Baker Hughes US Rig Count


Baker Hughes North American Rig Count

D.O.E. Crude Oil Production

D.O.E. Crude Oil Production Perspective (1983 – Present)

The US 10 year Treasury yield ripped higher gaining thirteen basis points to 2.96%.  There was little change in the yield curve.

U.S. 10 Year Bond Yield

German 10 Year Bond Yield

The list below details some upside and downside risks relevant to the steel industry.  The bolded ones are occurring or look to be highly likely.  The upside risks look to be in control.

Upside Risks:

–        Potential Russian sanctions cutting off Russian steel

–        Chronically low inventory levels/domestic or global restocking

–        Increased risk of domestic supply disruption

–        Section 232 tariffs and quotas restricting supply

–        Sharp drop in steel imports

–        China strict steel capacity cuts/China getting serious about curtailing steel production

–        Energy industry rebound

–        Graphite Electrode Shortage

–        Unexpected inflation

–        Weaker dollar

–        Flatbed trucking availability/transportation supply constraints

–        Infrastructure bill/long-term solution to highway spending bill

Downside Risks:

–        232 exclusions

–        Higher domestic prices

–        Domestic mill reopening

–        Falling iron ore and scrap prices

–        Political & geopolitical uncertainty (US Government shutdown)
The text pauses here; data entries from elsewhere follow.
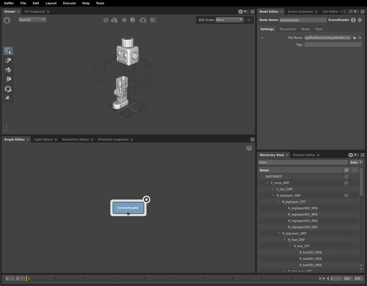 ${GAFFER_ROOT}/resources/gafferBot/caches/gafferBot.scc.Click the focus icon on the top right of the SceneReader to set it as the focus node, so that it will appear in editors set to follow focus, such as the viewer.
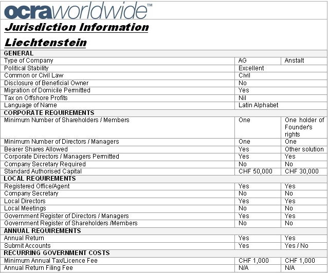 statusnim oblicima off shore kompanija.U Linhenštajnu sve kompanije sa
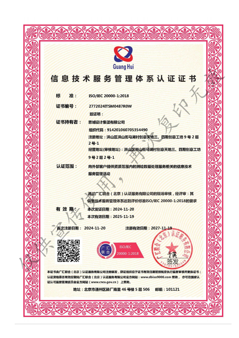 • 信息技術管理體系認證證書
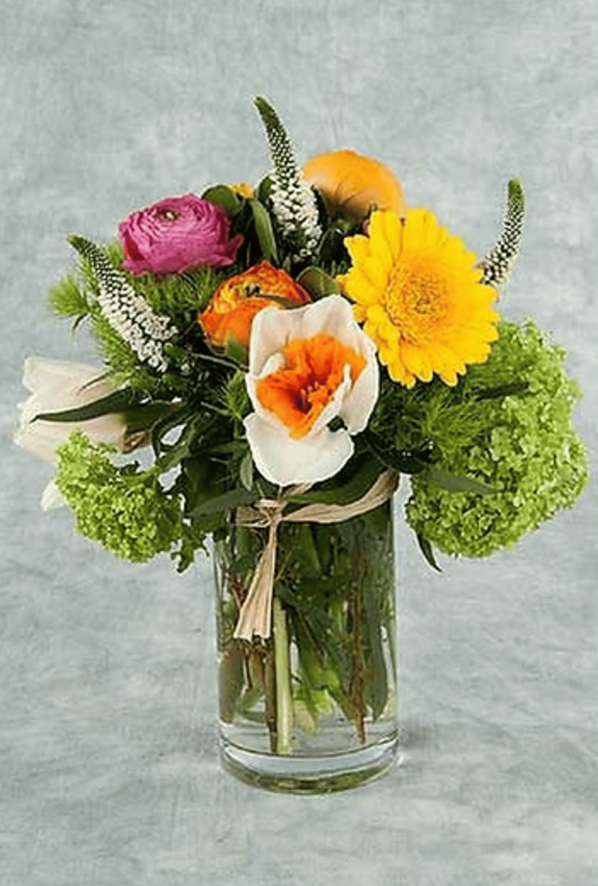 A beautiful selection of mixed bright colors. Flowers and vase subject to change due to availability and seasonality.
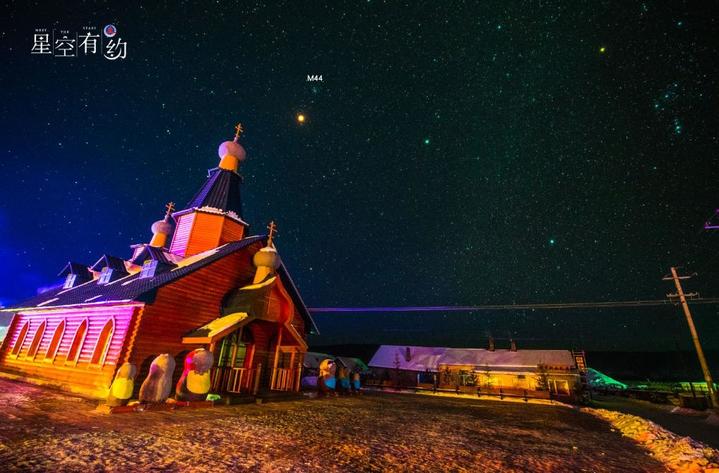 这是2018年2月3日在黑龙江漠河北红村拍摄的“红月亮”与蜂巢星团。(星空摄影师杨勇 摄)
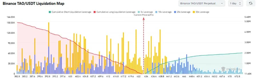 قیمت TAO در ۴۲۹.۶ دلار در آستانه شکست یک حمایت مهم قرار دارد و در صورت فروش شدید میتواند به سرعت پایین برود. اگر قیمت به ۴۱۷ دلار برسد، احتمالا حجم بزرگی از موقعیتهای لانگ لیکویید میشود. در طرف مقابل، اگر قیمت از ۴۳۵ دلار عبور کند، فروشندگان شورت مجبور به خروج سریع خواهند شد و این میتواند به رشد تند قیمت منجر شود.

–        Stock market crash

–        Crashing iron ore, scrap and finished steel prices

–        Stronger dollar

–        Sharp increase in scrap volumes resulting from Hurricanes Harvey & Irma

–        Domestic automotive industry under pressure

–        Sharp and persistent drop in oil and/or iron ore prices

–        US domestic producers bringing back on capacity

–        Higher interest rates slowing residential construction and auto sales

–        Tightening financial conditions pressuring auto sales driven by sub-prime financing

–        Chinese restrictions in property market

–        The Chinese Financial Crisis

–        Unexpected sharp China RMB devaluation

–        Increasing import differentials

–        Economic downturn, especially in China or Europe reverberating to U.S.A.